Capturem His-Tagged Purificationは次世代メンブレン技術を用いてヒスチジンタグ(Hisタグ)融合タンパク質を精製できる革新的なキットで、従来の金属レジンの使用範囲を超えた幅広い条件に適用できる。サンプルとしてバクテリアと哺乳類細胞ライセートの両方が使用でき、変性条件下(8 M尿素、6 Mグアニジン塩酸塩)での使用も可能である。また、EDTA、還元剤(βメルカプトエタノール、DTT、TCEPなど)、グリセロールなどの添加剤を含む幅広い条件下でも優れた性能を発揮する。タンパク質のタンデムアフィニティー精製にも使用可能である。
本製品は、高性能ナイロンメンブレンを装着したスピンカラムを用いており、細胞溶解液の添加から溶出までの室温操作が可能で、Miniprepでは5分以内、Maxiprep Kitおよび96well plateでは15分以内に終了する。処理時間が短いためタンパク質の劣化や失活の懸念が少なく、待ち時間のない手軽な操作で質の高い精製が可能である。
化学的修飾により孔の表面積を拡大したナイロンメンブレンは、ベッドボリュームが少なく、Hisタグ融合タンパク質の結合能が高く(≧75 mg/cm3)、高純度、高濃度での精製が可能である。Miniprepでは1個につき800 μlまでのライセートの処理が可能で、100 μgまでのHisタグ融合タンパク質を0.3~1 mg/mlの高濃度で溶出できる。またMaxiprepカラムでは25 mlまでのライセートが処理可能で、2.5 mgまでのHisタグ融合タンパク質を4.5 mg/mlまでの高濃度で溶出できる。96 well plateでは、1つのwellにつき1,000 μlまでのライセートの処理が可能で、100 μgまでのHisタグ融合タンパク質を0.3~1 mg/mlの高濃度で溶出できる。

Capturem His-Tagged Purificationのワークフロー
図1.Capturem His-Tagged Purificationのワークフロー
まず、xTractor Bufferをメンブレンの入ったカラムに添加し、カラムの平衡化を行う。そして、タグ融合タンパク質をスピンカラムのメンブレンに添加し、結合させる。続いて、洗浄バッファーを加えて洗浄した後、溶出バッファーで溶出すれば精製操作は完了する。
Miniprepと96 well plateは100 μlの溶出バッファーで、Maxiprep Kitでは500μlの溶出バッファーで90%以上の溶出が可能である。各ステップの遠心はMiniprepでは11,000×g 1分、Maxiprep Kitおよび96 well plateでは2,000×g 3分で行う。Miniprepであれば5分以内、Maxiprep Kitおよび96 well plateであれば15分以内で全ての精製操作が完了する。
Maxiprep Kitを使用する場合は、50 mlのチューブが遠心可能な遠心機が必要となります。
また96 well plateは、96 well plate用の遠心機または吸引濾過をするための機器が必要となります。
表1.Capturem His-Tagged PurificationのBufferの組成
Buffer組成
Lysis Buffer

xTractor Buffer(製品コード 635625)を推奨。他のスタンダートなlysis bufferも使用可能。

Wash Buffer

150 mM NaCl , 20 mM Na3PO4 , pH 7.6

Elution Buffer

500 mM NaCl , 20 mM Na3PO4 , 500 mM imidazole,pH7.6


Capturem His-Tagged Purificationの革新的膜テクノロジー
図2.Capturem His-Tagged Purificationの革新的膜テクノロジー
Membrane表細の独自ポリマー構造により、大きな膜表面積と高容量を実現している。そのため精製に長時間を要するレジンカラムに比べ、サンプル溶液が新テクノロジーの高容量膜細孔の中を迅速に通過し、短時間での精製が可能である。また低い圧力でサンプル溶液が通過するため、タンパク質の品質低下を招かない。またBed volumeが小さく、洗浄バッファーの残存がない高純度精製が可能である。

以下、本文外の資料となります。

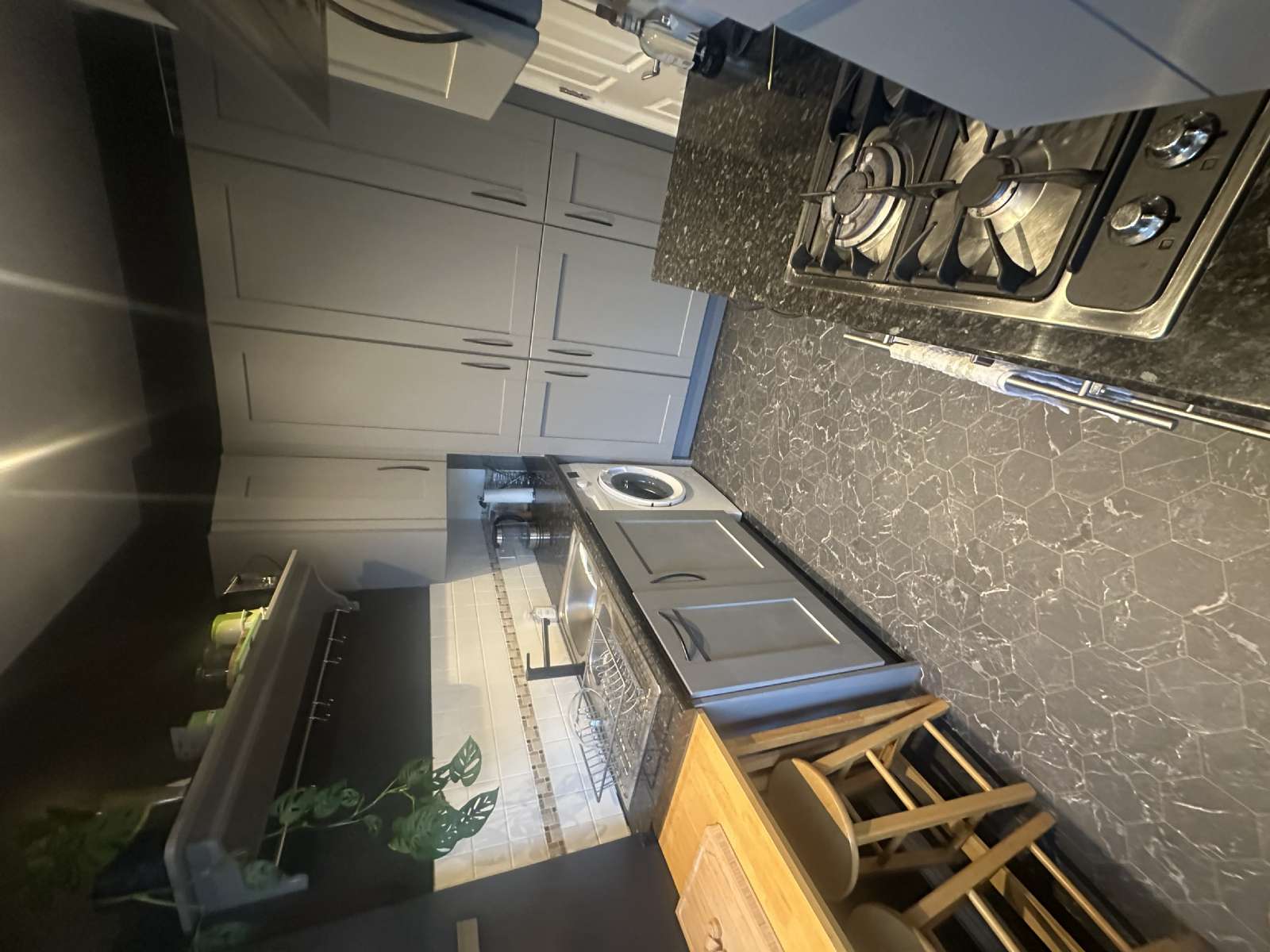 - Charming grey kitchen, with black granite work top, with a variety of high- and low-level units. Laid in vinyl flooring, and tiled splashback. The kitchen area comes equipped with integrated appliances, including, oven, gas hob, hood and fridge freezer.

表2.Capturem His-Tagged Purificationtに使用できる添加剤の濃度
添加剤 濃度
MOPS 200 mM
HEPES 200 mM
Tris 200 mM
EDTA 10 mM
β-mercaptoethanol 30 mM
DTT 10 mM
TCEP 5 mM
Guanidine-HCl 6 M
Urea 8 M
Nonionic detergent (Triton X-100) 2%
Nonionic detergent (Tween 20) 2%
Anionic detergent (SDS) 1%
Arginine 500 mM
Glycine 100 mM
Histidine 20 mM
Sodium chloride 2 M
Imidazole 40 mM
Glycerol 10%

Capturem His-Tagged Purification Miniprep Kit 添加剤の影響
図3.Capturem His-Tagged Purification Miniprep Kitにおける添加剤の影響
Capturem His-Tagged Purification Miniprep Kitを用いて、各種添加剤存在下で6×Hisタグ融合GFPuvタンパク質を精製した。それぞれ、サンプル、平衡化バッファー、洗浄バッファー、溶出バッファーに添加剤を加えて精製し、300 μlの溶出バッファーで2回溶出した。

Capturem His-Tagged Purification Miniprep Kit 変性剤の影響
図4.Capturem His-Tagged Purification Miniprep Kit変性剤の影響
Capturem His-Tagged Purification Miniprep Kitを用いて、8 M尿素または6 Mグアニジン塩酸塩存在下でHisタグ融合GFPuvタンパク質を精製した。スピンカラムに800 μlの菌体ライセートを加え、非変性、または変性条件下で精製した。変性条件下では、サンプル、および各バッファーに8 M尿素、または6 Mグアニジン塩酸塩を添加した。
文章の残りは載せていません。